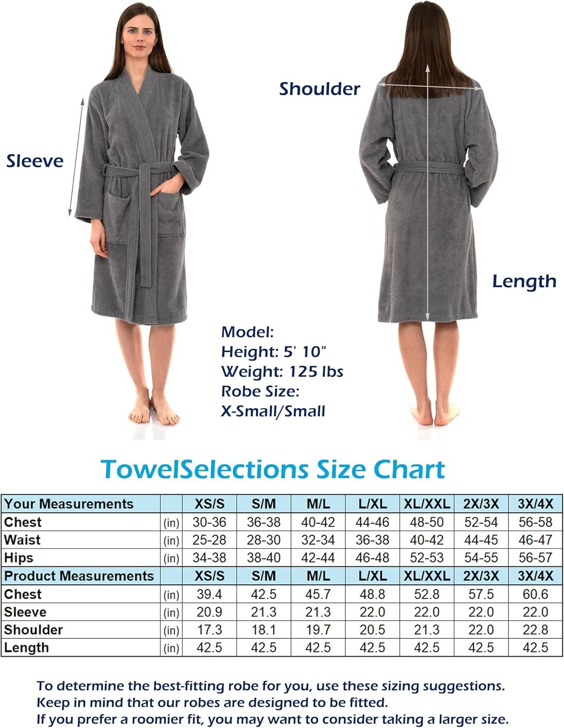 Bought this as a gift birthday gift for college bound student. So after reading the reviews, I was skeptical about this robe but here it goes.Pros:The blue color is as it is depicted on the website. Very pretty. My daughter is 4’11” and 105# so not skinny and not big, but quite short. The xs/s is slightly large but not unseemly so. It will be fine for her dorm shower. It covers all the important parts without serious gaping and is short enough to walk with confidence for one so short. The price point was perfect for her grandmother to give to her without taxing her fixed income.Cons:Luxurious it is not. I have Turkish cotton towels that are dense and soft. This is neither. While 100% cotton, it feels like a average value towel- better than a motel 8 but not a 5 star hotel. It has the thread count and weight of a big box store towel (think Walmart or Target). This was a bit of a disappointment. It did soften slightly after washing but not significantly. It also shed after its first washing, which I expected, but not significantly and no bare spots were noted. How it will hold up after multiple washings, I don’t know, but given that it is dorm bound, I doubt it gets washed all that often.Misc:The blue robe is color safe as I washed it with old white t-shirt and it came out still white. (Note: I only wash in cold water). I did not notice any shrinkage although others have. It isn’t a big issue for me in this case. It is an inexpensive robe compared to the other terry robes and the other robes at that price point or lower could be classified as more lingerie-ish than robe. Given that she is headed for colder climes, I chose one with more heft. While feeling somewhat disappointed, I think it is a decent robe at this price and for the purpose. Maybe when she graduates, grandma will spring for a really nice robe
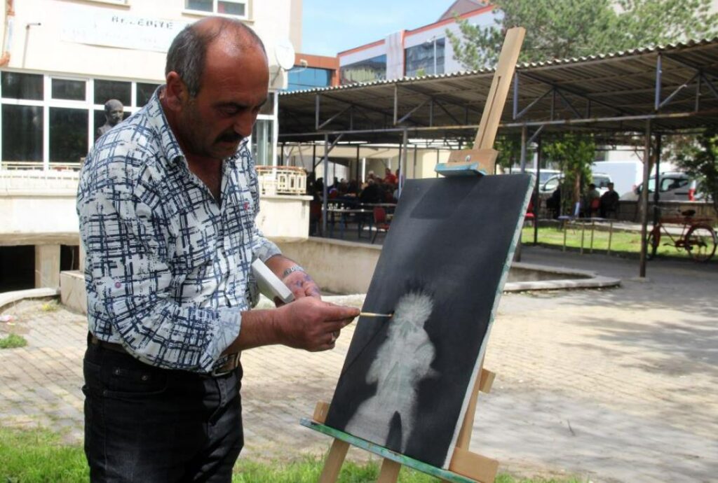 Sivas’ta ayakkabı boyacılığı yapan Murat Ünser ünlü ressamlara taş çıkartıyor!
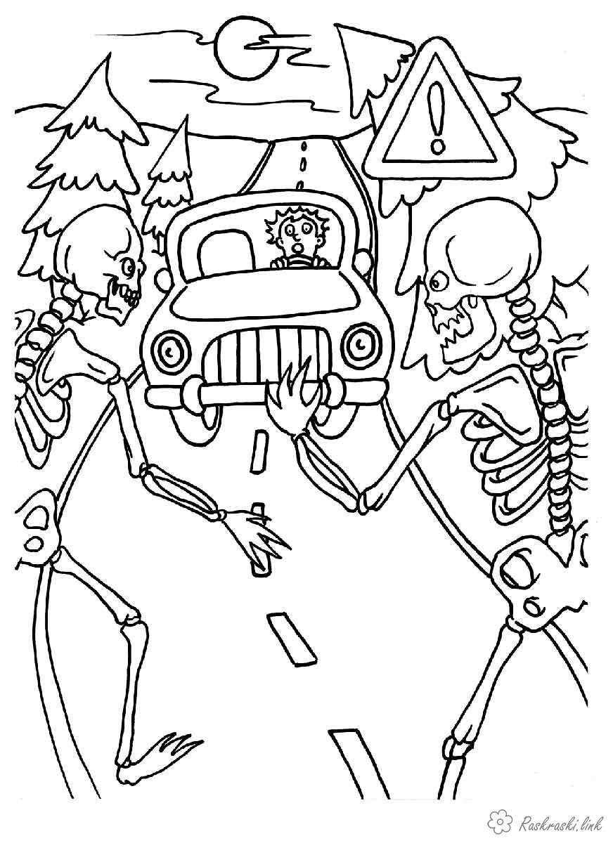 Дорожній знак інші небезпеки. Раскраска Дорожній знак інші небезпеки зі скелетами завантажити бесплатно онлайн
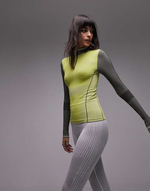 Topshop Sno zip through seamless paneled ski base layer top in yellow
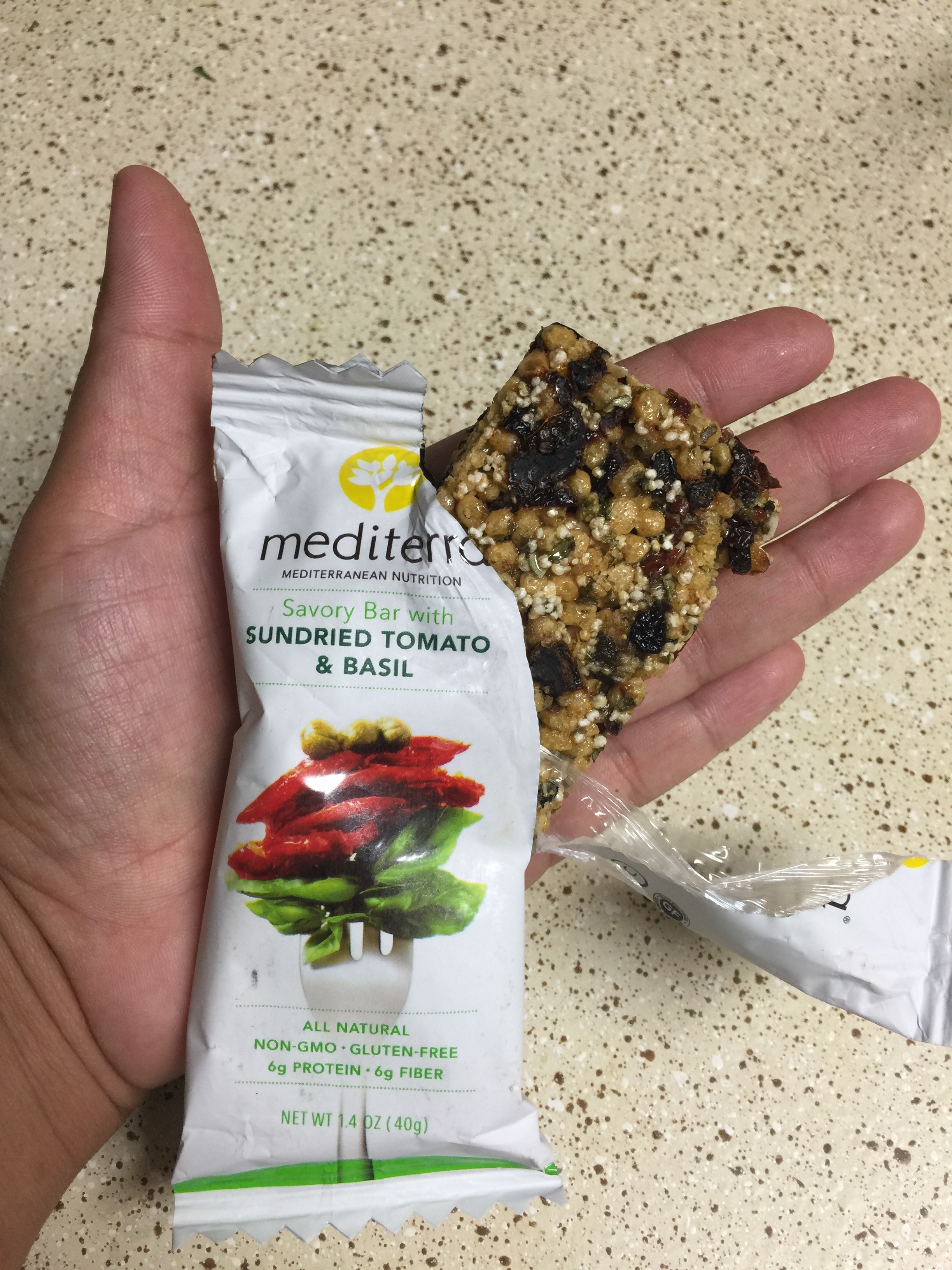 Looked forward to trying this nutrition bar as I am a major fan of sun dried tomatoes and basil. This bar felt like it was a meal in each bite. There was a nutty texture and it smelled like dinner. I gave a bite to my brother and did not tell him what he was. He was surprised as he thought the sun dried tomatoes were chocolate! I enjoyed this because I am not a fan of sweet things and love the main ingredients.
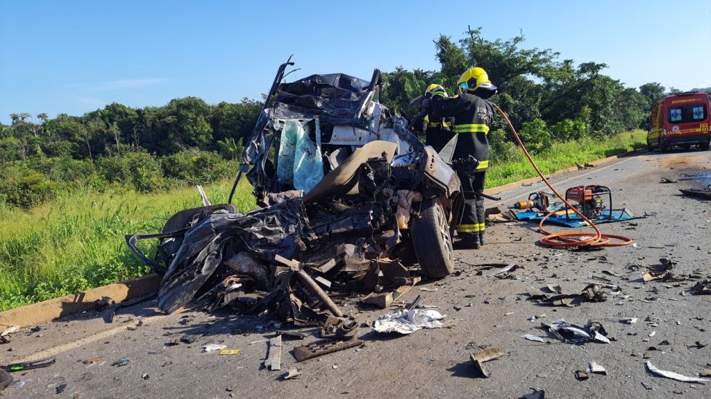 Policial penal, mãe e avó morrem em acidente entre carro e caminhão na BR-153
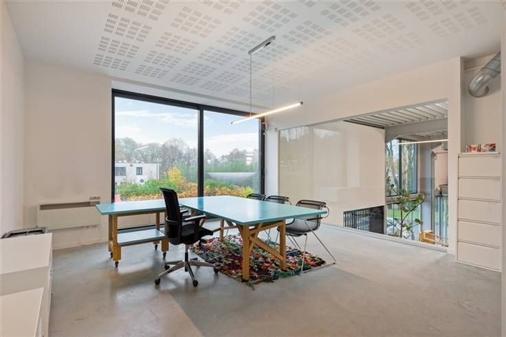 De huidige indeling voorziet op het gelijkvloers een aangename open space/ showroom met een aangename vrije hoogte, een volledig uitgeruste keuken, gescheiden sanitair alsook een douche en een magazijn (ca. 62 m²) met toegang via een poort. De eerste verdieping is ingedeeld als open space met een afgesloten kantoor of meeting room.
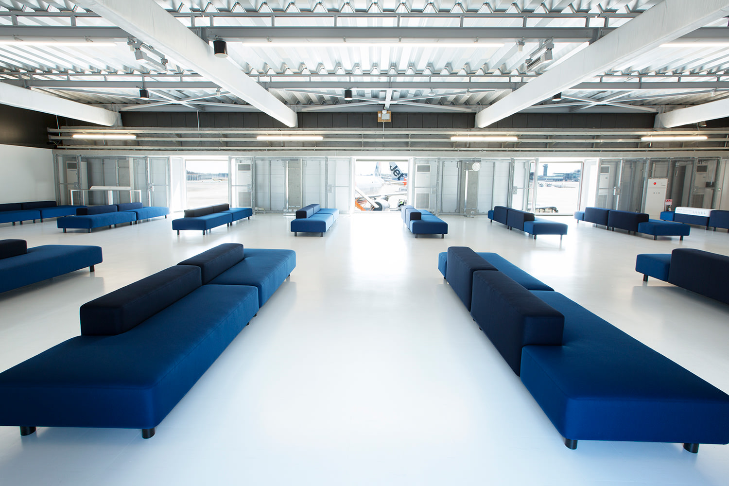 偌大的場地十分素雅簡單,候機區的沙發椅約可容納四百名旅客,兩兩一組的座位前後留有寬走道,讓旅客們保有一定的個人活動空間。

**TRY IT:** Beginning with the line above that contains "Looked forward to" and ending with the line that contains "Policial penal, mãe", quote each line exactly, keeping out the pictures.

**EXERCISE RESPONSE:**
 Looked forward to trying this nutrition bar as I am a major fan of sun dried tomatoes and basil. This bar felt like it was a meal in each bite. There was a nutty texture and it smelled like dinner. I gave a bite to my brother and did not tell him what he was. He was surprised as he thought the sun dried tomatoes were chocolate! I enjoyed this because I am not a fan of sweet things and love the main ingredients.
 Policial penal, mãe e avó morrem em acidente entre carro e caminhão na BR-153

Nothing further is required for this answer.